Other operations with matrices:

```
# Are elements in row 1 equivalent to corresponding elements from column 1:
m[1,]==m[,1]
# A logical matrix: TRUE for m elements >3, FALSE otherwise:
m>3
# Selects only TRUE elements - that is ones greater than 3:
m[m>3]
```

```
t(m) # Transpose m
m <- t(m) # Assign m the transposed m
m %*% t(m) # %*% does matrix multiplication
m * m # * does element-wise multiplication
```

Arrays are used when we have more than 2 dimensions. We can create them using the `array()`

function:

```
a <- array(data=1:18,dim=c(3,3,2)) # 3d with dimensions 3x3x2
a <- array(1:18,c(3,3,2)) # the same array
```

Lists are collections of objects. A single list can contain all kinds of elements - character strings, numeric vectors, matrices, other lists, and so on.

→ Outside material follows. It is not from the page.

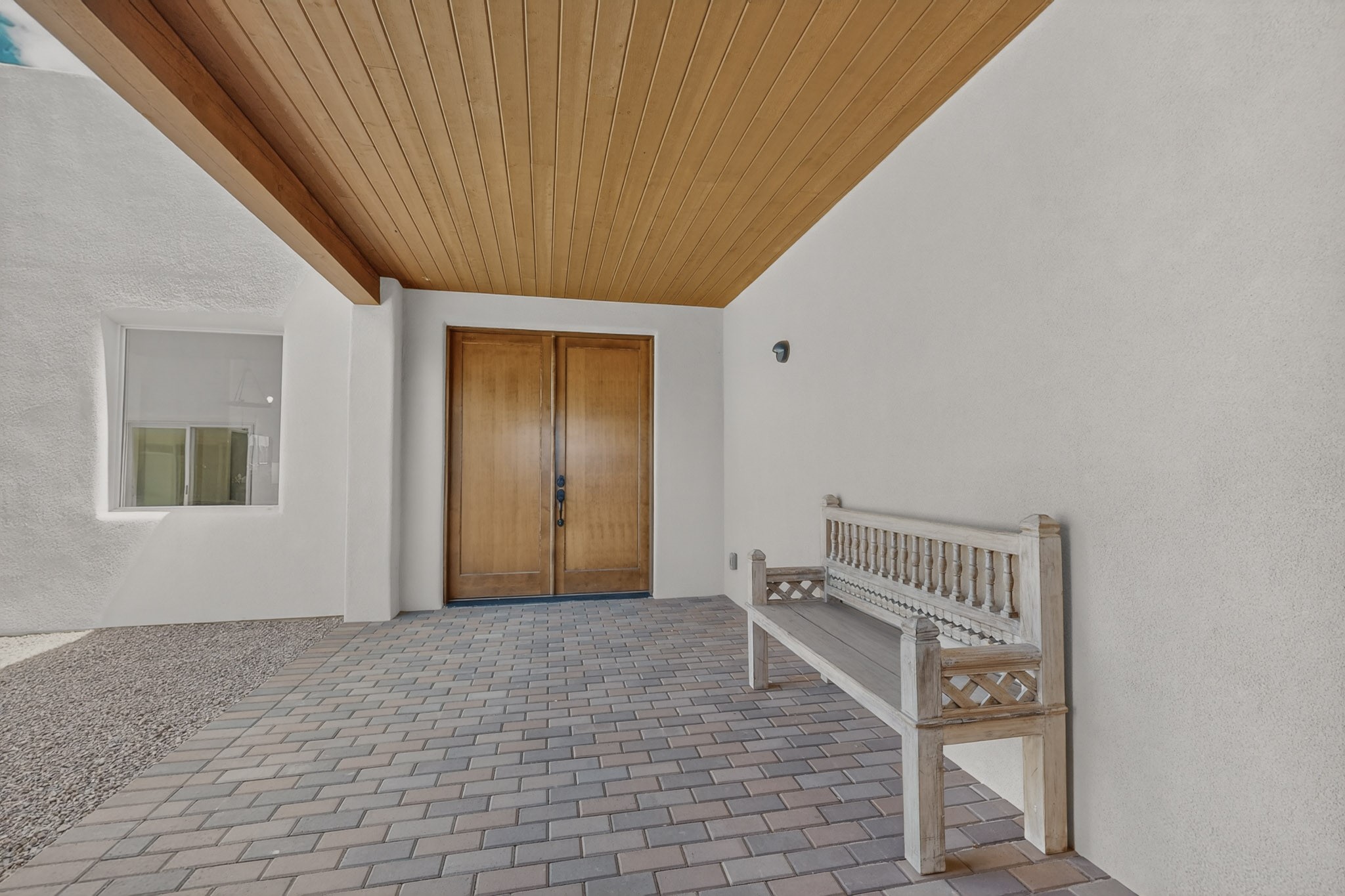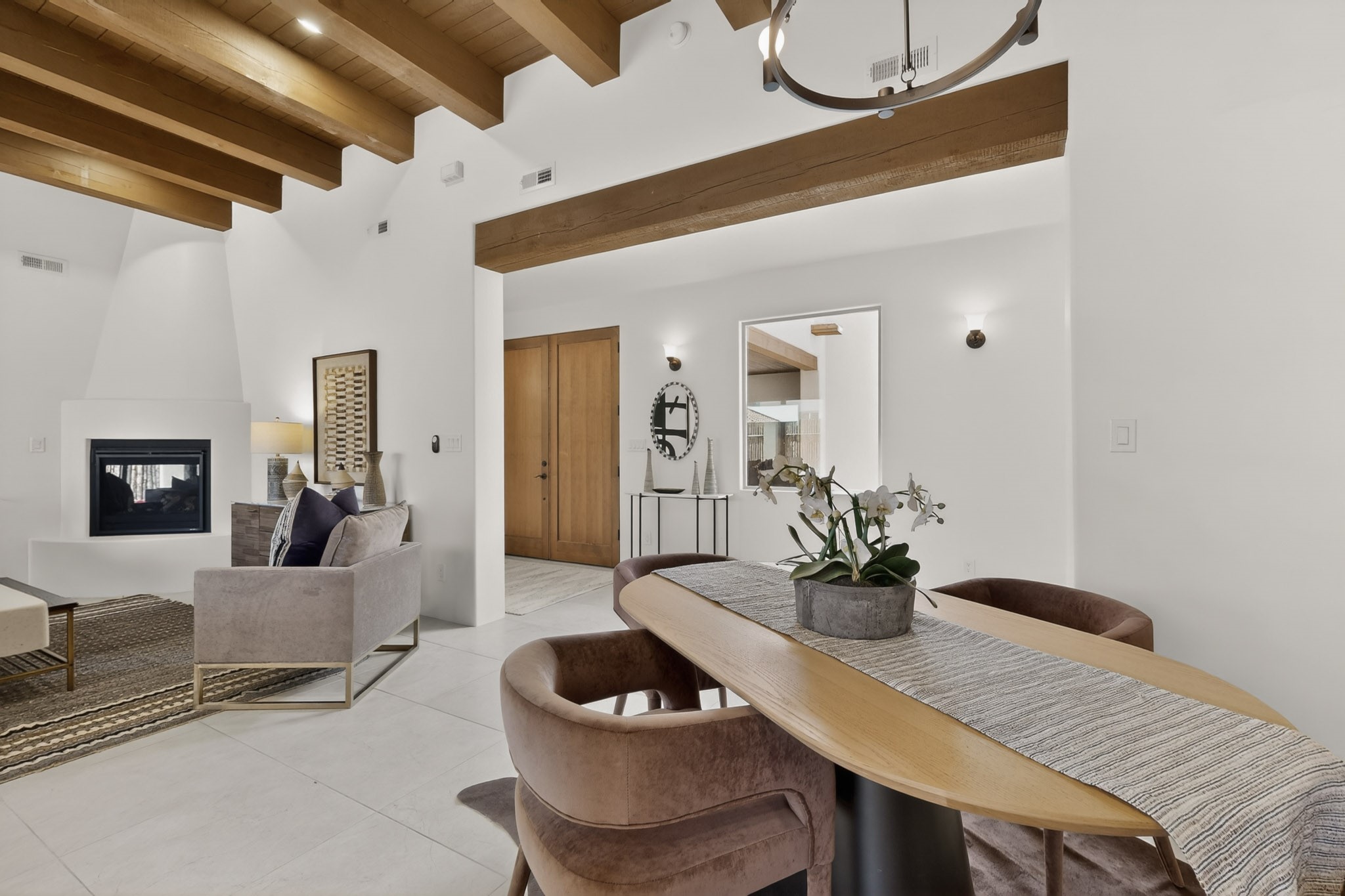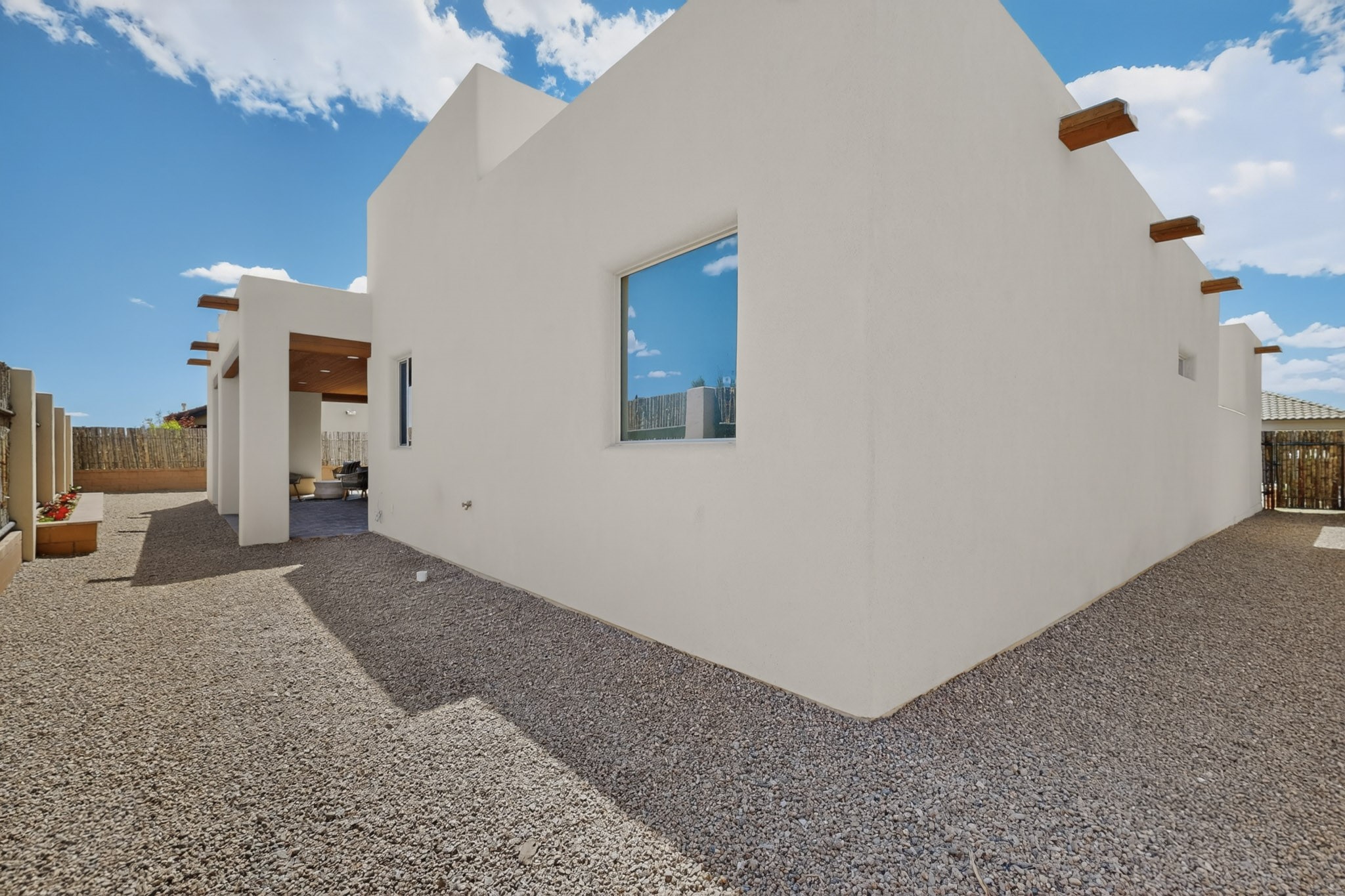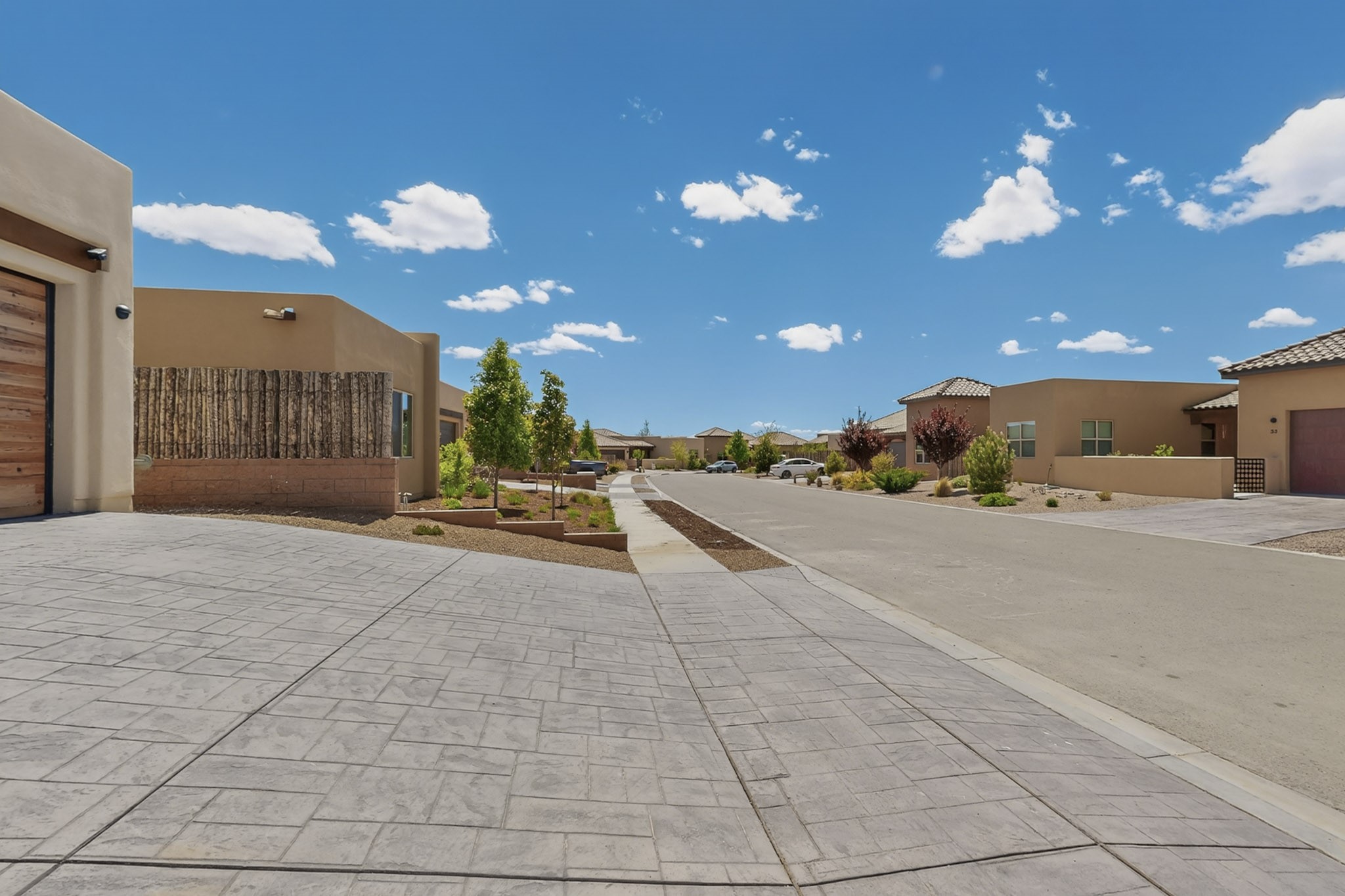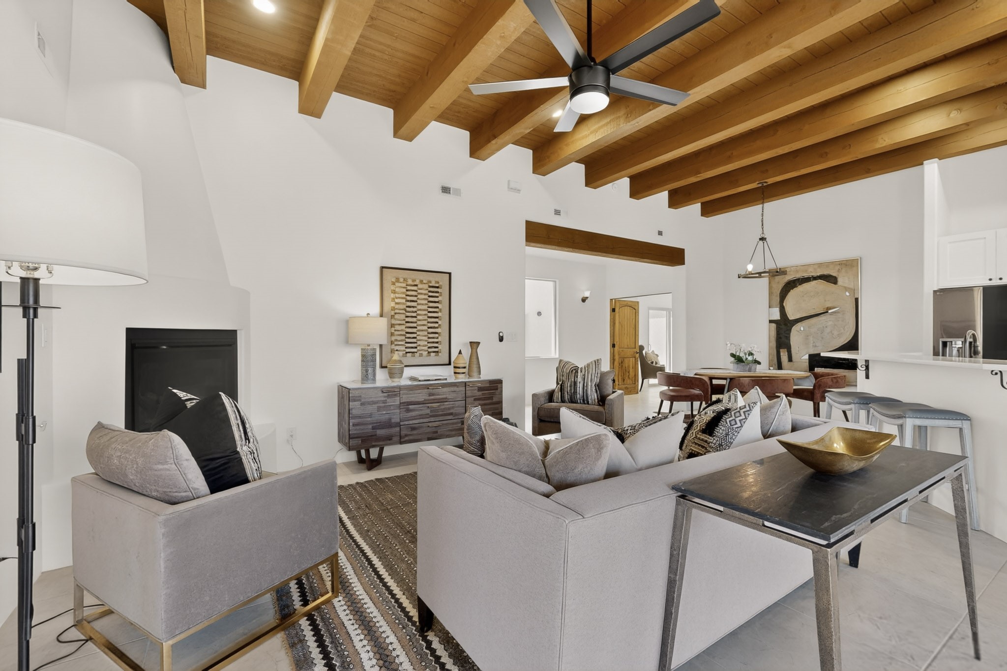 Sited on a quiet lot in Phase 4 of the La Pradera Subdivision this delightful Zaguanita Plan with its rich and sophisticated colors is entered through a lockable double wrought iron gate into a covered entry (a "Zaguan") with brick pavers and an open private courtyard. On your left is a separate living unit featuring a bedroom, three-quarter bath, independent HVAC, tankless water heater, tiled shower, white cabinets with grey quartz countertops, sink, and under-counter fridge. The main entry leads to the formal entry with a lighted nicho and boveda ceiling. To the left is the owner's suite with a barn door entry to the owner's suite bath with a large walk-in shower with euro-style shower fixtures and an overhead rain shower head. Two large closets are separated by a commode closet. Directly ahead of the entrance is the open living room with walnut stained beams and T&G planking offset with grey quartz countertops, a kiva fireplace and an open kitchen with an oversized counter. The kitchen and guest bedroom both open out to a covered portal that has a gas-fired kiva fireplace and brick pavers. To the right is the guest bedroom bath that can also serve as a powder room. The open kitchen has white cabinets. All floors are tiled with light gray porcelain planks. The exterior is a contemporary design with a TPO roof. The driveway is a colored stamped concrete design, and the insulated 3-car garage includes an epoxy-coated floor.

The elements of lists are often named for easier access.

```
l1 <- list(boo=v1,foo=v2,moo=v3,zoo="Animals!") # A list with four components
l2 <- list(v1,v2,v3,"Animals!")
```

Create an empty list:

```
l3 <- list()
l4 <- NULL
```

Accessing list elements:

```
l1["boo"] # Access boo with single brackets: this returns a list.
l1[["boo"]] # Access boo with double brackets: this returns the numeric vector
l1[[1]] # Returns the first component of the list, equivalent to above.
l1$boo # Named elements can be accessed with the $ operator, as with [[]]
```

Adding more elements to a list:

```
l3[[1]] <- 11 # add an element to the empty list l3
l4[[3]] <- c(22, 23) # add a vector as element 3 in the empty list l4.
```

Since we added element 3 to the list `l4`

above, elements 1 and 2 will be generated and empty (NULL).

```
l1[[5]] <- "More elements!" # The list l1 had 4 elements, we're adding a 5th here.
l1[[8]] <- 1:11
```

We added an 8th element, but not 6th and 7th to the list`l1`

above. Elements number 6 and 7 will be created empty (NULL).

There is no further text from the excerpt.